The main finding from the trial was that stopping RAS inhibitors did not slow kidney decline. The eGFR was similar between the two arms (P=.42). Secondary outcomes and analysis by subgroups also did not show any meaningful differences between the two arms of the study. Serious adverse events were similar between the two arms.

There was a tantalizing observation suggesting that there might be a benefit from continuing RAS inhibition. ESRD or the initiation of renal-replacement therapy occurred in 128 patients (62%) in the discontinuation group and in 115 patients (56%) in the continuation group (hazard ratio, 1.28; 95% CI, 0.99-1.65), just missing statistical significance. However, a word of caution: since the primary end point was null, and the result was a trend, this result needs to be confirmed in a larger trial.

The trial had several limitations that the authors acknowledged, including the open-label design that might have influenced reported outcomes or hospitalization and the under-representation of non-White patients and those with high levels of proteinuria (>2.6 g/g creatinine). As well, because this was a UK-based study and Black and Latino patients were not recruited, the results may not be generalizable to the US population.

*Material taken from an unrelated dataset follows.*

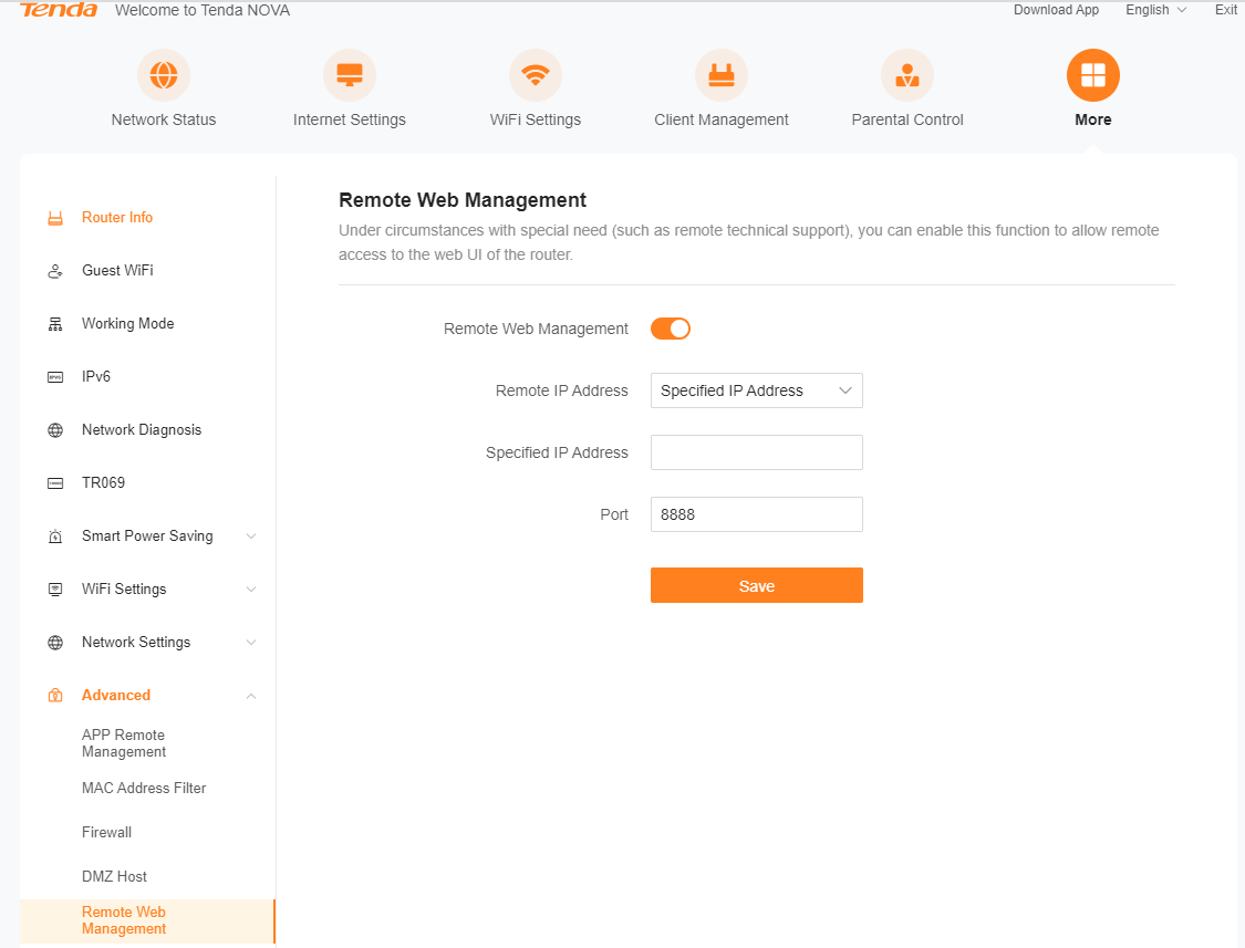 To access the configuration page, log in to the web UI of the Mesh device, and choose More > Advanced > Remote Web Management. By default, this function is disabled. When this function is enabled, the page is shown as below.

The bottom line from a practice perspective is that you should not stop RAS inhibition unless the patient becomes intolerant or refractory hyperkalemia develops. Indeed, I keep patients on RAS inhibition even after they begin dialysis with the aim of preserving residual renal function.

References

  1. Ruggenenti P, Perna A, Remuzzi G. ACE inhibitors to prevent end-stage renal disease: when to start and why possibly never to stop: a post hoc analysis of the REIN trial results. Ramipril Efficacy in Nephropathy. J Am Soc Nephrol. 2001;12:2832-2837.
  2. Remuzzi G, Ruggenenti P, Perna A, et al. RENAAL Study Group. Continuum of renoprotection with losartan at all stages of type 2 diabetic nephropathy: a post hoc analysis of the RENAAL trial results. J Am Soc Nephrol. 2004;15:3117-3125.
  3. Bhandari S, Mehta S, Khwaja A, et al. STOP ACEi Trial Investigators. Renin–angiotensin system inhibition in advanced chronic kidney disease. N Engl J Med. 2022. doi:10.1056/NEJMoa2210639. PMID:36326117.